Exercise objective:
Look below for the line holding "The fishery consists" and the line holding "光可控硅繼電器BC2223/BC3223/BC5223". Transcribe exactly those lines and all lines between them, nothing more.

Supplied entries:
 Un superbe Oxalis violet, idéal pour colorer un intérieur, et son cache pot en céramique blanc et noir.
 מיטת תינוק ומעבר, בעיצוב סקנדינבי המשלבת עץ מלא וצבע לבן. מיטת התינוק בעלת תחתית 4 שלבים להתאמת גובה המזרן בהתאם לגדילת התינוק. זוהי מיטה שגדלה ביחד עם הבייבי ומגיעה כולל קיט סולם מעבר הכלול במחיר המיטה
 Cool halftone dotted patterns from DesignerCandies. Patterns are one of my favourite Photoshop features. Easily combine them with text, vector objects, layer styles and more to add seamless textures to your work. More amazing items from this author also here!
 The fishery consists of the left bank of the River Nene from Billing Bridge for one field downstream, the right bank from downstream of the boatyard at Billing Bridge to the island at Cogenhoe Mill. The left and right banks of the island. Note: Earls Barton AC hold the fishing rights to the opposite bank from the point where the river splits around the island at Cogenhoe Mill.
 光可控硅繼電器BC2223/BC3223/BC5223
--
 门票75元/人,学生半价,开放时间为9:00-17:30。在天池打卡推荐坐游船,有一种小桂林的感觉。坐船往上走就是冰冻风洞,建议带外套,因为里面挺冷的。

Result of the exercise:
 The fishery consists of the left bank of the River Nene from Billing Bridge for one field downstream, the right bank from downstream of the boatyard at Billing Bridge to the island at Cogenhoe Mill. The left and right banks of the island. Note: Earls Barton AC hold the fishing rights to the opposite bank from the point where the river splits around the island at Cogenhoe Mill.
 光可控硅繼電器BC2223/BC3223/BC5223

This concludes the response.